## What needs to be done
Output the whole listing exactly, except for the pictures in it.

________________

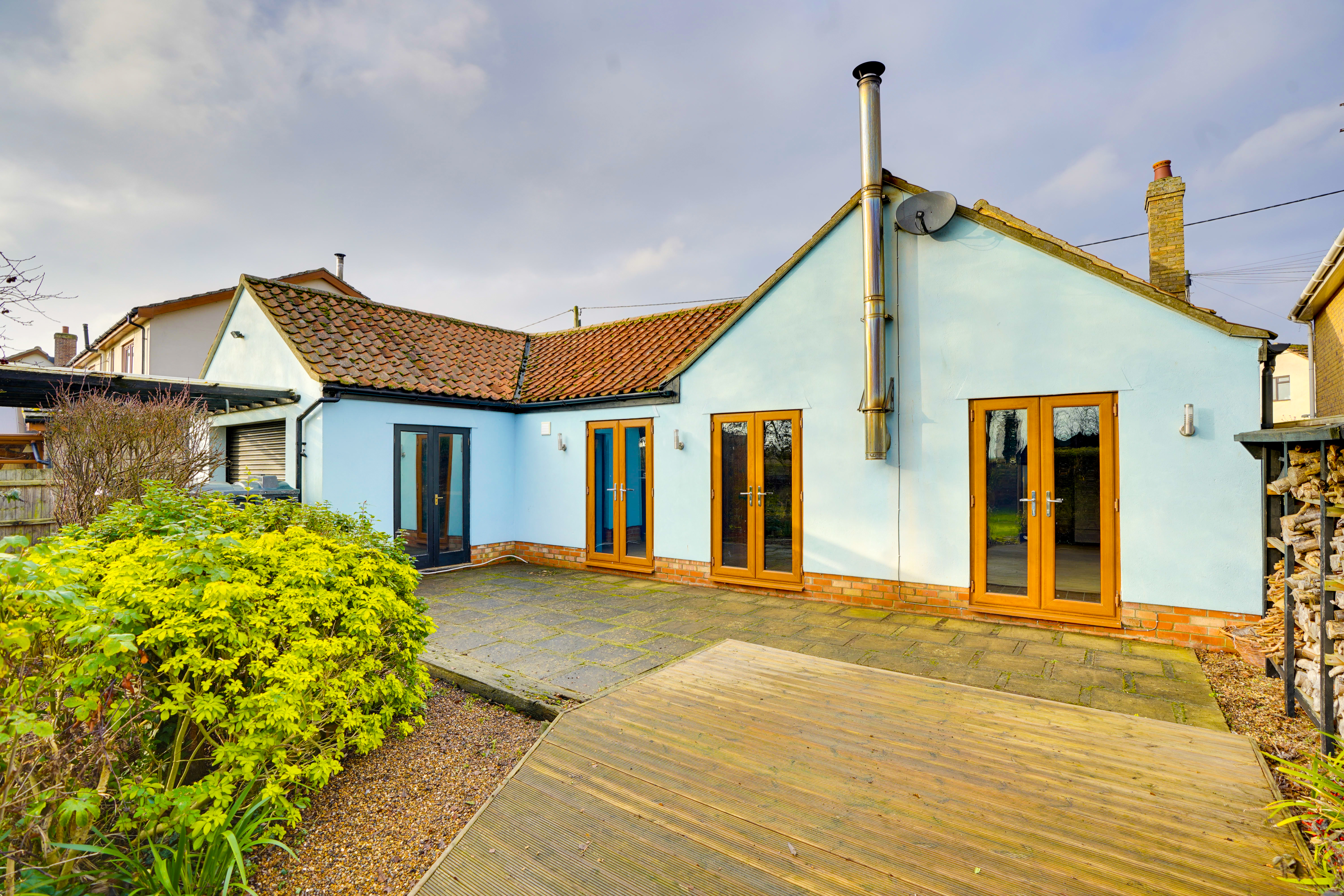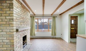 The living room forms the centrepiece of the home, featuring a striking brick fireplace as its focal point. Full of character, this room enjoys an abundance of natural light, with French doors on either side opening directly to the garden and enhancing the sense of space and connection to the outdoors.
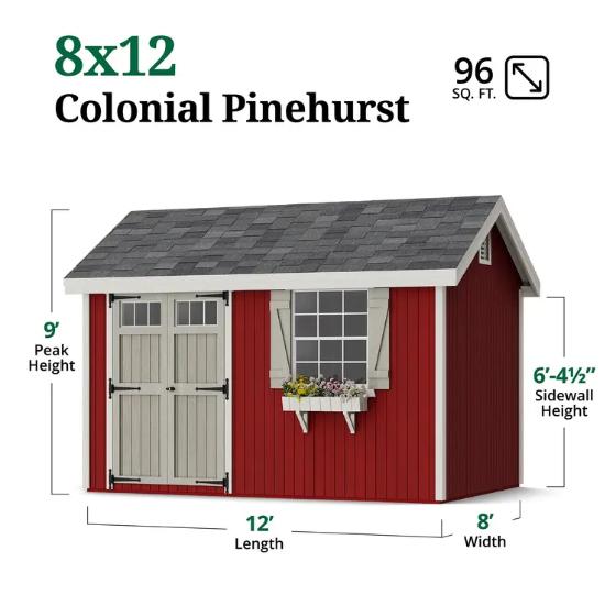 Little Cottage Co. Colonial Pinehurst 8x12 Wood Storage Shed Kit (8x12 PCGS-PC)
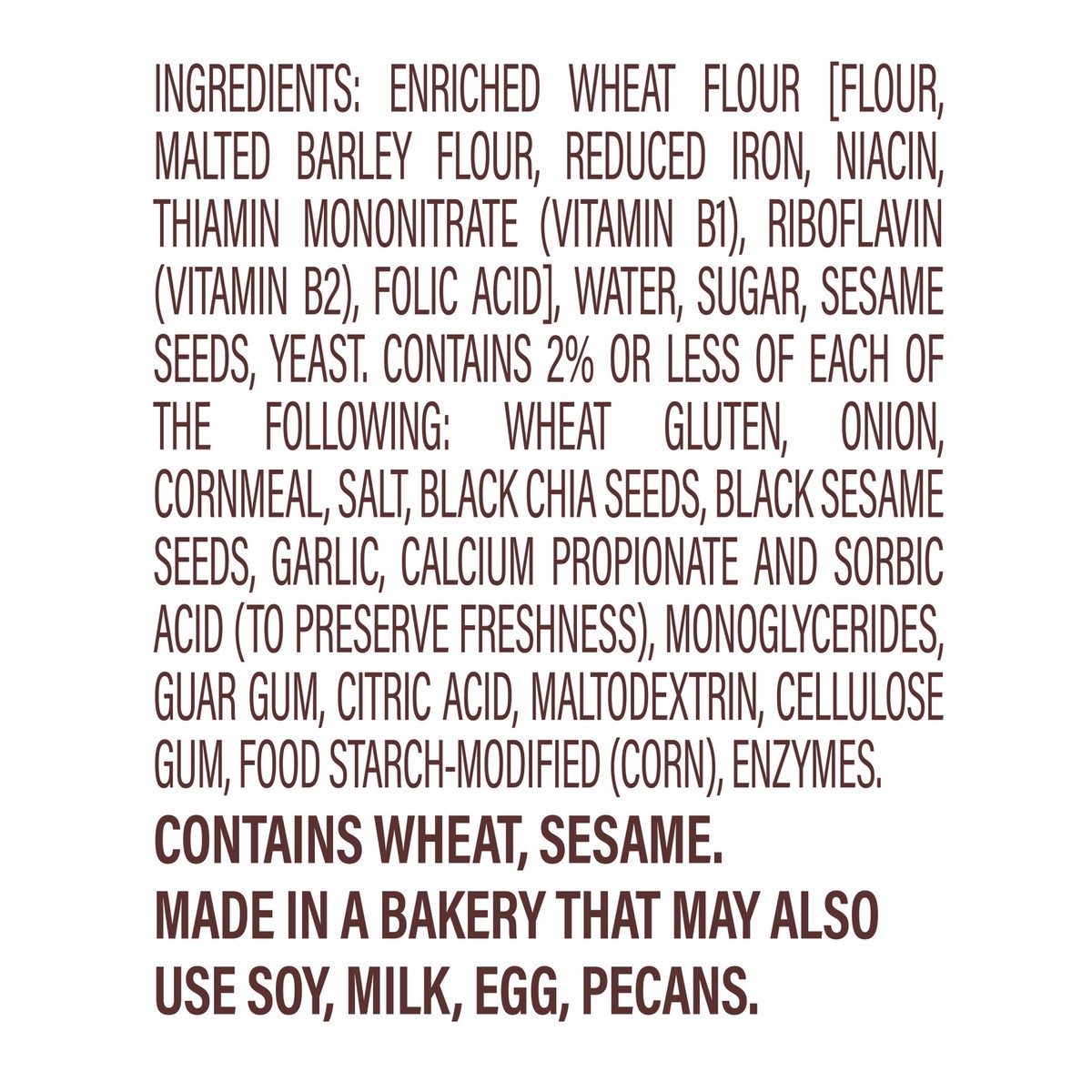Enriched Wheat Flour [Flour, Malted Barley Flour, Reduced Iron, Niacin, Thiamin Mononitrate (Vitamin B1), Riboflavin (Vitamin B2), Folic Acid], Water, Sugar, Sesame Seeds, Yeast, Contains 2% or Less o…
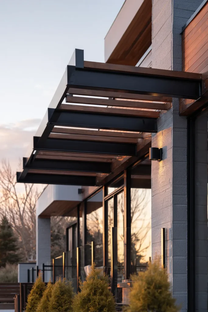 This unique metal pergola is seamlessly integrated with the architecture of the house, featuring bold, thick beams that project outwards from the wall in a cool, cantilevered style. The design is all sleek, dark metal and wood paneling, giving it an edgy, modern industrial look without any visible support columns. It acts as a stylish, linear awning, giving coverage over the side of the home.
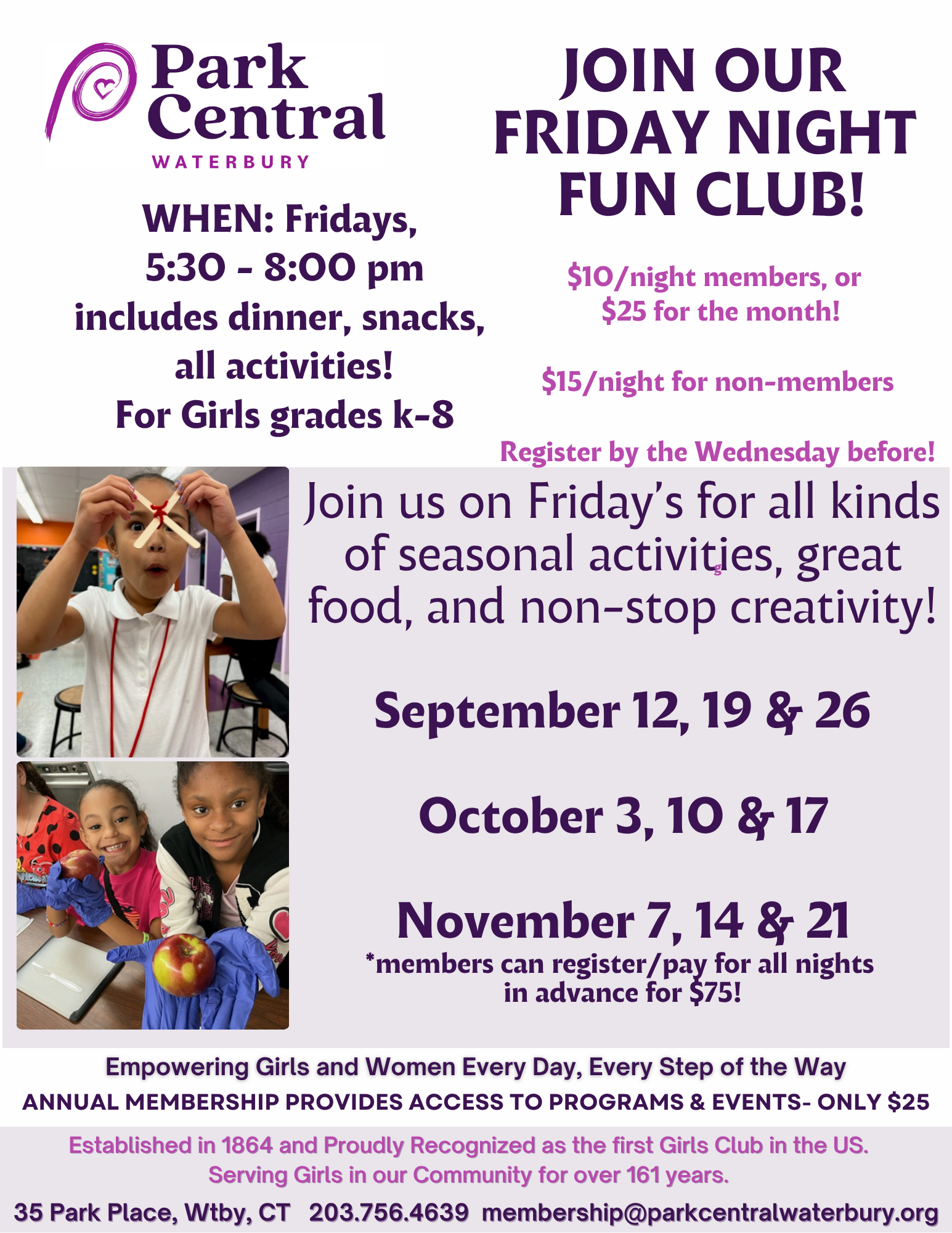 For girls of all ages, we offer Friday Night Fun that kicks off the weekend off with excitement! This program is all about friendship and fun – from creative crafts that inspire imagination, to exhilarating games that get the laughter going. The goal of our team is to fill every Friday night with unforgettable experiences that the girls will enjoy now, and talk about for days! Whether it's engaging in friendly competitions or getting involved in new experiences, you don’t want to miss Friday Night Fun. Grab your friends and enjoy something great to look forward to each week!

________________

## Exercise response
 The living room forms the centrepiece of the home, featuring a striking brick fireplace as its focal point. Full of character, this room enjoys an abundance of natural light, with French doors on either side opening directly to the garden and enhancing the sense of space and connection to the outdoors.
 Little Cottage Co. Colonial Pinehurst 8x12 Wood Storage Shed Kit (8x12 PCGS-PC)
Enriched Wheat Flour [Flour, Malted Barley Flour, Reduced Iron, Niacin, Thiamin Mononitrate (Vitamin B1), Riboflavin (Vitamin B2), Folic Acid], Water, Sugar, Sesame Seeds, Yeast, Contains 2% or Less o…
 This unique metal pergola is seamlessly integrated with the architecture of the house, featuring bold, thick beams that project outwards from the wall in a cool, cantilevered style. The design is all sleek, dark metal and wood paneling, giving it an edgy, modern industrial look without any visible support columns. It acts as a stylish, linear awning, giving coverage over the side of the home.
 For girls of all ages, we offer Friday Night Fun that kicks off the weekend off with excitement! This program is all about friendship and fun – from creative crafts that inspire imagination, to exhilarating games that get the laughter going. The goal of our team is to fill every Friday night with unforgettable experiences that the girls will enjoy now, and talk about for days! Whether it's engaging in friendly competitions or getting involved in new experiences, you don’t want to miss Friday Night Fun. Grab your friends and enjoy something great to look forward to each week!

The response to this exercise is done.